Consultant shall not, in any written or oral communications with
any party or through any medium, whether tangible, electronic, or
otherwise, criticize, ridicule or make any statement which,
directly or indirectly, disparages, causes harm to, or is
derogatory of the Company or its affiliates or any of their
respective directors or senior officers. Consultant shall not
express any negative opinions of the Company, the Company’s
business or products, or any affiliates of the Company or their
businesses or products. The provision shall be construed broadly
and shall govern any statement, express or implied, made concerning
the Company, the Company’s business and products, or
affiliates of the Company.
SECTION 5
MISCELLANEOUS
Section 5.1
Authority to Be
Bound.
The Parties to this Agreement represent they have the
authority to enter into this Agreement. The promises made herein
shall be binding upon all undersigned Parties, and are the joint
and several obligations of each of the undersigned. Each party will
take responsible steps to insure that their associates, affiliates,
employees, agents, representatives and officers abide by the
provisions of this Agreement. The Parties hereto, and each of them,
further represent and declare that they have carefully read this
Agreement and know the contents thereof and sign the same freely
and voluntarily, and each of the Parties hereto have been given the
opportunity to confer with counsel.
Section 5.2
Delegation
.
Consultant shall not, without
Company’s prior consent (which consent Company may withhold
in its sole discretion) subcontract or delegate, or enter into,
amend or modify any subcontract for the delegation or performance
of, any part of its obligations under this Agreement. Without
limitation on the foregoing, and notwithstanding any Company
consent thereto, Consultant shall remain fully responsible to
Company for the performance of any services rendered by any
subcontractor personnel, as if such subcontractor or subcontractor
personnel were Consultant or Consultant personnel
hereunder.
Section 5.3
Force
Majeure
.
Both Parties shall be
excused from performance under this Agreement for any period to the
extent that a party is prevented from performing any obligation, in
whole or in part, as a result of causes beyond its reasonable
control and without its negligent or willful misconduct, including
without limitation, acts of God, natural disasters, war or other
hostilities, labor disputes, civil disturbances, governmental acts,
orders or regulations, third party nonperformance, or failures or
fluctuations in electrical power, heat, light, air conditioning or
telecommunications equipment.
Section
5.4
Waiver
.
No delay in exercising, no course of dealing with respect to, or no
partial exercise of any right or remedy hereunder shall constitute
a waiver of any other right or remedy, or future exercise
thereof.
Section 5.5
Severability
.
If any term or provision of this Agreement is held by a court of
competent jurisdiction to be invalid, void, or unenforceable, all
terms, provisions, covenants, and conditions and all applications
not held invalid, void, or unenforceable will continue in full
force and will in no way be affected, impaired, or
invalidated.
Section 5.6
Mediation;
Governing Law; Venue.
In the event of any dispute between
the Company and Consultant, including any Third Party, arising
under or pursuant to the terms of this Agreement, or any matter
relating to the subject matter of the Agreement, such dispute shall
be settled only by mediation in Orange County, California.
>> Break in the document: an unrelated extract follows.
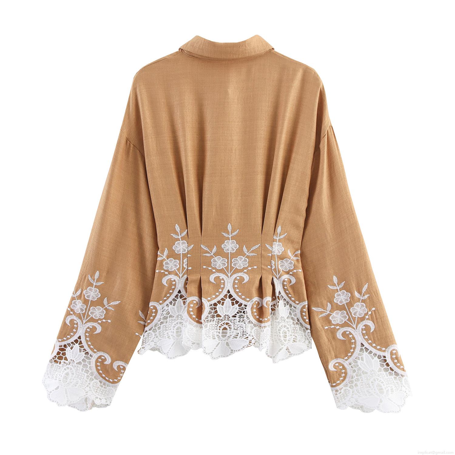 • Elegant Lace Patchwork Women Long Sleeve Shirt With Belt Lapel Button Down Puff Sleeve Blouse For Women Commute Office Fashion Solid Color Polyester Top

The
Parties agree that Orange County, California is the appropriate
venue for all disputes. This Agreement shall be construed and
governed under the laws of the State of California, without regard
to its conflicts of law or choice of law provisions.
Section 5.7
Entire Agreement;
Amendment
.
This
Agreement constitutes the entire Agreement among the Parties with
respect to the subject matter hereof and supersedes in all respects
all prior proposals, negotiations, conversations, discussions and
agreements between the Parties. This Agreement may not be modified
or amended except by express written amendment signed by authorized
representatives of all Parties.
Section 5.8
Successors &
Assigns
.
This
Agreement shall be binding upon and inure to the benefit of the
Parties hereto and their respective heirs, personal representatives
and successors and assigns.
Section 5.9
Headings
.
The headings and any table of contents contained in this Agreement
are for reference purposes only and shall not in any way affect the
meaning or interpretation of this Agreement.
Section
5.10
Rights
Cumulative
.
The
rights and remedies provided by this Agreement are cumulative, and
the exercise of any right or remedy by either Party hereto (or by
its successors), whether pursuant to this Agreement, to any other
agreement, or to law, shall not preclude or waive its right to
exercise any or all other rights and remedies.
Section 5.11
Facsimile
Certification
.
A
facsimile copy of this Agreement signed by any and/or all Parties
shall have the same binding and legal effect as an original of the
same.
Section 5.12
Counterparts
.
This Agreement may be executed in one or more counterparts, each of
which shall be deemed an original, but all of which together shall
constitute one in the same instrument. Regardless of whether this
Agreement is executed in one or more counterparts, each such
counterpart may be executed by actual or facsimile
signature(s).
Section 5.13
Notices
: Any
notice, request, demand, instruction or other document to be given
hereunder to any party shall be in writing and shall either be
delivered personally or by U.S. Mail, or by electronic means, to
the persons and entities listed at the addresses set forth below.
Notice shall be deemed given when: (i) personally served; or (ii)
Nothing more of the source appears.